As simplistic it is to think that Shell is leaving for London believes the citizens of the Netherlands has turned its back on the company, the ultimate reason was the dividend tax. Reportedly, CEO Ben van Buerden called up Mark Rutte on Sunday informing him of the planned move. Rutte’s reaction, it is said was of dismay. And he embarked on a last-ditch effort to persuade Royal Dutch Shell to change its mind, by immediately lobbying his government’s coalition partners to back an abolition of the dividend tax. The reaction was perhaps not what he expected, with left-wing and green parties calling Shell’s threat ‘blackmail’. With democracy drawing a line, Shell decided to walk; or at least present an exit plan endorsed by its Board to be voted by shareholders. Many in the Netherlands see Shell’s exit and the loss of the moniker Royal Dutch – as a blow to national pride, especially since the country has been basking in the glow of expanded reputation as a result of post-Brexit migration of financial activities to Amsterdam from London. The UK, on the other hand, sees Shell’s decision and Unilever’s – as an endorsement of the country’s post-Brexit potential.
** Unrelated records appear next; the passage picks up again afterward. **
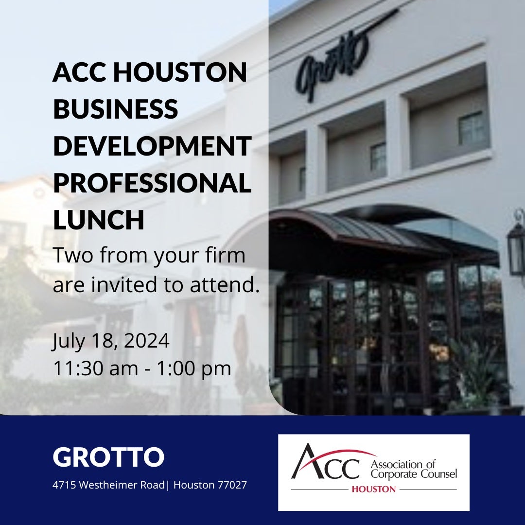 The Association of Corporate Counsel (ACC) is a global bar association that promotes the common professional and business interests of in-house counsel who work for and whose primary responsibility is providing legal advice to corporations, associations and other private-sector organizations. Accordingly, the ACC Houston Chapter reserves the right to limit attendance at any of its Continuing Legal Education (CLE) events to ACC Houston Chapter members or non-ACC chapter member in-house attorneys only. If you are not an in-house attorney and wish to attend a CLE event, you may only do so, space permitting, if you are accompanied by an in-house attorney from your company or organization.
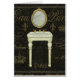 © Daphne Brissonnet/wildes Apple. Dieses Bild zeigt ein Vintages Spiegel- und Wannen-Set gegen einen schwarzen Hintergrund. Gold farbiger französischer Text kann auf dem Bild gesehen werden.
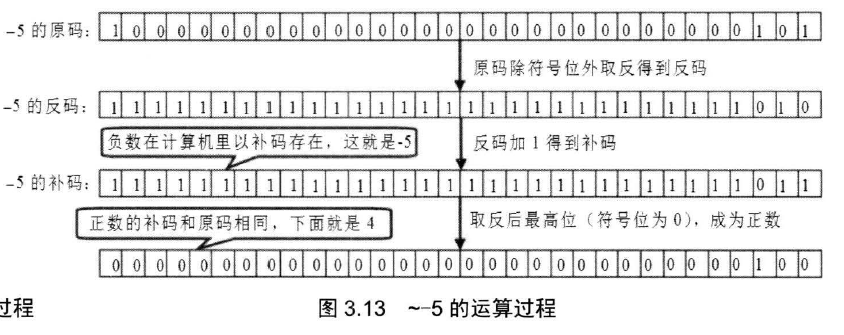- ~ : 按位非。单目运算符,将操作数的每个位(包括符号位〉全部取反。
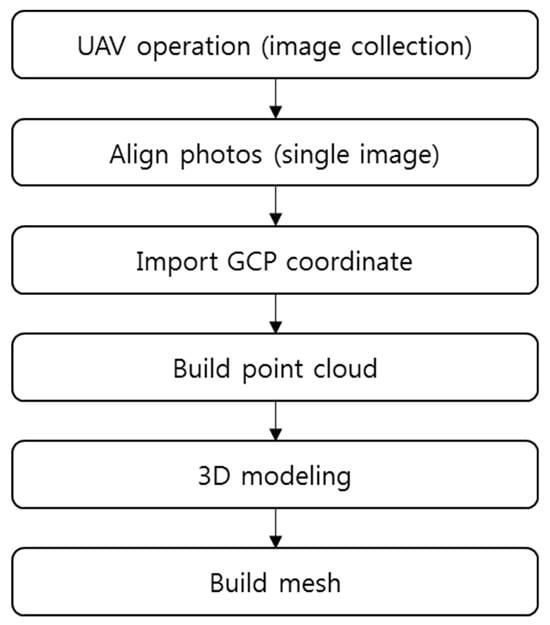 First, a set of control points were established to register the images, then GPS survey was performed to obtain their precise coordinates. After that, the UAV was flown to take pictures. For processing of the obtained UAV images, PIX4D Mapper software was used. For the coordinate system, the international system of WGS94 coordinates was used, and the variable values of the camera used for recording were considered for the processing. Figure 2 shows a flowchart for the general UAV image processing.
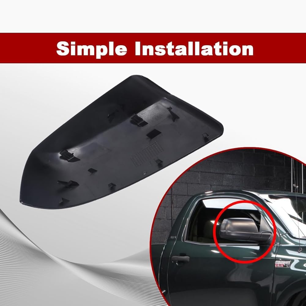 Simple Installation : Adorned with a Textured Black using UV Painted technology ,this mirror cover offers a perfect replacement for damaged or missing ones, without requiring any modification.
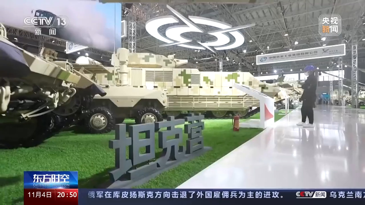 总台央视记者 李宁:我现在来到的是兵器馆的坦克营,整个兵器馆布展基本已经结束了。坦克和战车是这里面的主角,我旁边的就是VT4主战坦克,它除了参与静态展之外,还会出现在动态展的坦克表演中。
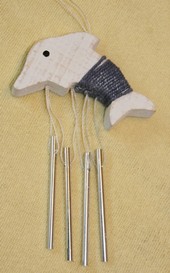mit blauem Band umwickelt und 3 schönen silbernen Klangstäben daran.
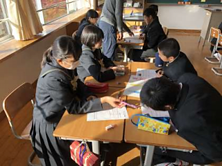 泉中までバスで行き、いつもとは違った環境の中での授業でした。

The move, if passed and in its initial stages, will be mainly structural, transferring the tax residence of Shell to London. Just ten top executives including van Buerden and CFO Jessica Uhl will be making the move to London. Three major arms – Projects and Technology, Global Upstream and Integrated Gas and Renewable Energies – will remain in The Hague. As will Shell’s massive physical reach on Dutch soil: the huge integrated refinery in Pernis, the biofuels hub in Rotterdam, the country’s first offshore wind farm and the mammoth Porthos carbon capture project that will funnel emissions from Rotterdam to be stored in empty North Sea gas fields. And Shell’s troubles with activists will still continue. British climate change activists are as, if not more aggressive as their Dutch counterpart, this being the country where Extinction Rebellion was born. Perhaps more of a threat is activist investor Third Point, which recently acquired a chunk of Shell shares and has been advocating splitting the company into two – a legacy business for fossil fuels and a futures-focused business for renewables.

So Shell’s business remains, even though its address has changed. In the grand scheme of things, never mind the small matter of Dutch national pride – Royal Dutch Shell’s roadmap to remain an investment icon and a major driver of energy transition will continue in its current form. This is a quibble about money or rather, tax – that will have little to no impact on Shell’s operations or on its ambitions. Royal Dutch Shell is poised to become just Shell. Different name and a different house, but the same contents. Unless, of course, Queen Elizabeth II decides to provide royal assent, in which case, Shell might one day become Royal British Shell.